Plot logWordCount against whether a message is spam.
emailsSparse$logWordCount <- log(wordCount)
boxplot(logWordCount ~ spam, data = emailsSparse)
train2 <- subset(emailsSparse, split == TRUE)
test2 <- subset(emailsSparse, split == FALSE)
spam2CART <- rpart(spam ~ ., data = train2)
prp(spam2CART)
spam2RF <- randomForest(spam ~ ., data = train2)
summary(spam2RF)
## Length Class Mode
## call 3 -none- call
## type 1 -none- character
## predicted 4010 factor numeric
## err.rate 1500 -none- numeric
## confusion 6 -none- numeric
## votes 8020 matrix numeric
## oob.times 4010 -none- numeric
## classes 2 -none- character
## importance 331 -none- numeric
## importanceSD 0 -none- NULL
## localImportance 0 -none- NULL
## proximity 0 -none- NULL
## ntree 1 -none- numeric
## mtry 1 -none- numeric
## forest 14 -none- list
## y 4010 factor numeric
## test 0 -none- NULL
## inbag 0 -none- NULL
## terms 3 terms call
predCART <- predict(spam2CART, newdata = test2)[,2]
predRF <- predict(spam2RF, newdata = test2, type = "prob")[,2]
Using threhold of 0.5
CARTconfusion <- table(test2$spam, predCART >= 0.5)
CARTconfusion
##
## FALSE TRUE
## 0 1214 94
## 1 26 384
cat("\nAccuracy : ", sum(diag(CARTconfusion))/nrow(test2))
##
## Accuracy : 0.9301513
cat("\nSensitivity : ", CARTconfusion["1","TRUE"]/sum(CARTconfusion["1",]))
##
## Sensitivity : 0.9365854
cat("\nSpecificity : ", CARTconfusion["0","FALSE"]/sum(CARTconfusion["0",]))
##
## Specificity : 0.9281346
predictROCR <- prediction(predCART, test2$spam)
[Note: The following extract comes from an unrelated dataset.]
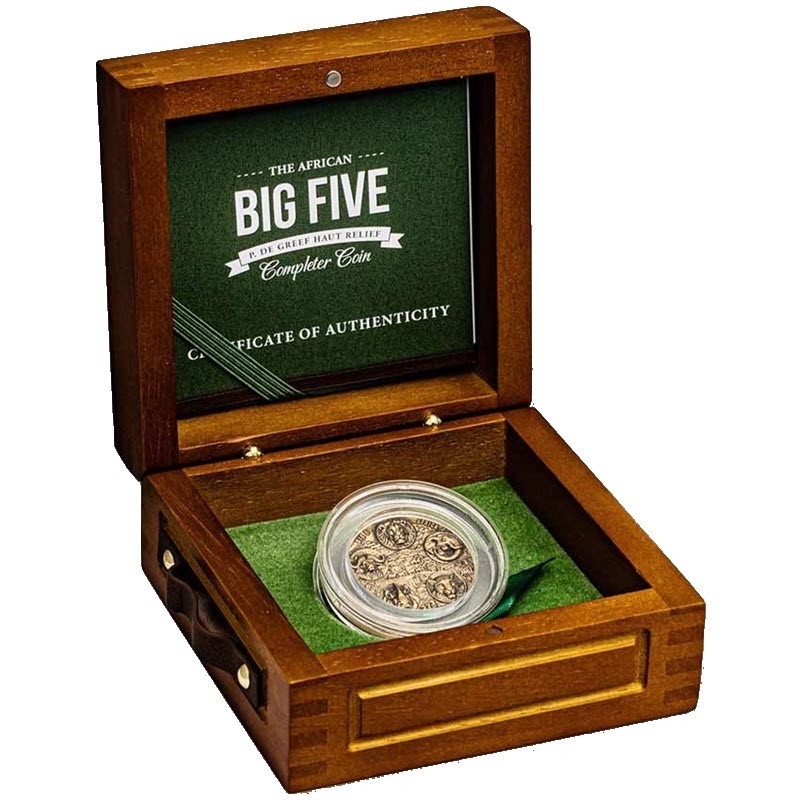 Дизайн этой золотой монеты из серии «Большая пятерка Африки» был реализован монетным двором П. де Грефа. У нее невероятный горельеф и античная отделка. Она завершает серию и содержит всех животных серии: лев, слон, леопард, носорог и буйвол. Поставляется в роскошном деревянном футляре с сертификатом подлинности. Тираж: 199 штук.

perfROCR <- performance(predictROCR, "tpr", "fpr") # true-positive rate vs false-positive rate
plot(perfROCR, colorize=TRUE,
print.cutoffs.at = seq(0, 1, 0.1), text.adj = c(-0.2, 1.7))
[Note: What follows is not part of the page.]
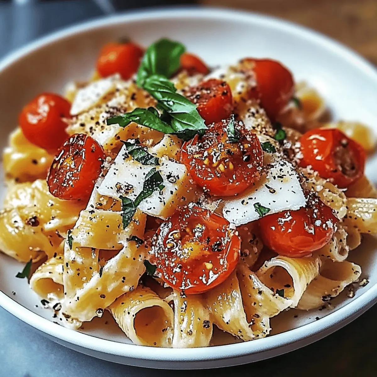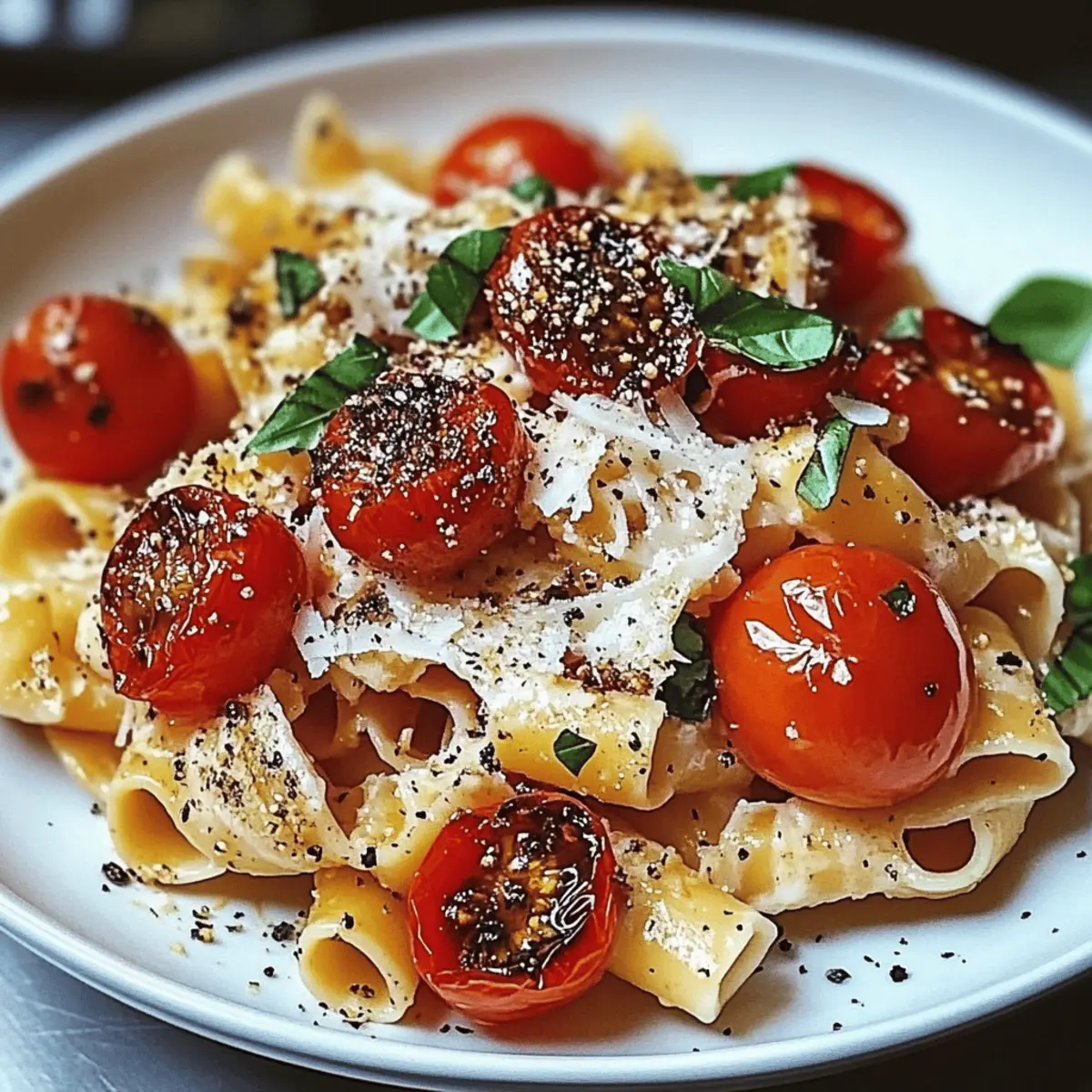 As I stirred the vibrant hues of roasted cherry tomatoes, the sweet aroma wafted through my kitchen, taking me back to sun-soaked summer days. This Roasted Tomato Garlic Pasta is not just a simple recipe; it’s a comforting embrace that transforms everyday ingredients into something magical. The delightful combination of caramelized tomatoes and aromatic garlic creates a hearty dish that’s perfect for both quick weeknight meals and cozy gatherings with friends. You’ll love how effortlessly it comes together, making it a go-to for those evenings when you crave something special without a fuss. Plus, it’s vegetarian and can easily accommodate various diets, ensuring everyone at your table leaves happy. Are you ready to turn your kitchen into a haven of comforting flavors? Let’s dive in! Why is this pasta recipe a must-try? Simplicity at its finest: This Roasted Tomato Garlic Pasta requires minimal ingredients and just a few easy steps, making it perfect for cooks of all skill levels. Bold, comforting flavors: The sweet, caramelized tomatoes paired with aromatic roasted garlic create a mouthwatering sauce that truly satisfies. Versatile and customizable: Feel free to add in some sautéed vegetables or proteins like grilled chicken for added flavor and nutrition. Quick weeknight meal: It comes together in under 40 minutes, making it an ideal choice for busy evenings. Crowd-pleaser: Whether it’s a family dinner or a gathering with friends, this dish is sure to impress! Pair it with a side salad or some crusty garlic bread for the complete Italian experience, just like with my Garlic Butter Pasta for an unforgettable meal! Roasted Tomato Garlic Pasta Ingredients Here’s everything you need to create this extraordinary dish that’s sure to warm your heart! For the Pasta • Pasta (Spaghetti or Choice) – The main carbohydrate and texture; gluten-free pasta can be used as a substitute. For the Sauce • Cherry Tomatoes – The sweetness and flavor base; substitute with grape tomatoes if desired. • Garlic – Provides aromatic depth; fresh garlic is preferred for better sweetness. • Olive Oil – Adds moisture and richness; can be substituted with avocado oil for a different flavor. • Salt – Enhances overall flavor; adjust according to your taste preferences. • Pepper – Adds mild heat; freshly cracked black pepper is highly recommended for the best flavor. • Red Pepper Flakes (optional) – For a kick of heat; skip if sensitive to spice. • Balsamic Vinegar (optional) – Adds a tangy depth; replace with lemon juice for a fresh alternative. For the Toppings • Fresh Basil – Introduces freshness and vibrant color; substitute with parsley for a different herbaceous note. • Grated Parmesan Cheese – Adds creaminess and umami; use nutritional yeast for a vegan version. Each ingredient plays a vital role in crafting the unforgettable Roasted Tomato Garlic Pasta experience! Step‑by‑Step Instructions for Roasted Tomato Garlic Pasta Step 1: Preheat the Oven Begin by preheating your oven to 400°F (200°C), creating the perfect environment for roasting. This high temperature will caramelize the cherry tomatoes, bringing out their natural sweetness while infusing your kitchen with an irresistible aroma. Grab a baking sheet and line it with parchment paper for easy cleanup later on. Step 2: Prepare the Tomatoes While the oven heats up, rinse and dry approximately two cups of cherry tomatoes. Place them in a mixing bowl and ensure they are evenly coated. This step sets the flavor base for the Roasted Tomato Garlic Pasta; simple but essential for achieving those delicious, blistered tomatoes. Step 3: Ready the Garlic Next, take a whole head of fresh garlic and carefully slice off the top to expose the cloves. Drizzle it generously with olive oil, ensuring every clove is coated. Wrap the garlic in aluminum foil to trap the heat effectively, which will help develop a sweet aroma as it roasts alongside the tomatoes. Step 4: Season the Ingredients Add two tablespoons of olive oil, along with salt, freshly cracked pepper, and optional red pepper flakes to the mixing bowl with the tomatoes. Toss everything together to ensure each tomato is well-seasoned. This will create a flavorful base for your Roasted Tomato Garlic Pasta, making each bite delightful. Step 5: Roast the Tomatoes and Garlic Spread the seasoned cherry tomatoes onto the lined baking sheet, placing the prepared garlic head next to them. Roast everything in the preheated oven for 25-30 minutes, or until the tomatoes are blistered and juicy. Keep an eye on them to prevent burning, as this roasting will enhance the dish’s comfort food essence. Step 6: Cook the Pasta While the tomatoes and garlic are roasting, fill a large pot with water and bring it to a boil. Add salt generously for flavor, then cook your choice of pasta (spaghetti works beautifully) according to package instructions until al dente. Be sure to reserve a cup of pasta water before draining, as it will help adjust the sauce’s consistency later. Step 7: Form the Sauce Once your garlic is roasted and cooled slightly, squeeze the cloves from their skins into a large mixing bowl. Add the blistered tomatoes from the oven and mash everything together gently to create a chunky sauce. This step is where the Roasted Tomato Garlic Pasta starts to evolve into a comforting dish full of rich flavors. Step 8: Combine Ingredients Drizzle in the remaining olive oil along with optional balsamic vinegar to the rustic sauce, stirring to incorporate everything evenly. Taste and adjust seasoning as necessary; this will ensure that your Roasted Tomato Garlic Pasta is perfectly seasoned and full of flavor. Step 9: Mix in the Pasta Combine the drained, al dente pasta with the roasted tomato sauce. If the mixture seems dry, add the reserved pasta water gradually until you reach your desired consistency. The starch from the water will help create a lovely, silky texture th

cat("\nAUC :", performance(predictROCR, "auc")@y.values[[1]])
##
## AUC : 0.9582438
RFconfusion <- table(test2$spam, predRF >= 0.5)
RFconfusion
##
## FALSE TRUE
## 0 1298 10
## 1 28 382
cat("\nAccuracy : ", sum(diag(RFconfusion))/nrow(test2))
##
## Accuracy : 0.9778813
cat("\nSensitivity : ", RFconfusion["1","TRUE"]/sum(RFconfusion["1",]))
##
## Sensitivity : 0.9317073
cat("\nSpecificity : ", RFconfusion["0","FALSE"]/sum(RFconfusion["0",]))
##
## Specificity : 0.9923547
predictROCR <- prediction(predRF, test$spam)
perfROCR <- performance(predictROCR, "tpr", "fpr") # true-positive rate vs false-positive rate
plot(perfROCR, colorize=TRUE,
print.cutoffs.at = seq(0, 1, 0.1), text.adj = c(-0.2, 1.7))
cat("\nAUC :", performance(predictROCR, "auc")@y.values[[1]])
##
## AUC : 0.9979265
In this case, adding the logWordCounts variable did not result in improved results on the test set for the CART or random forest model.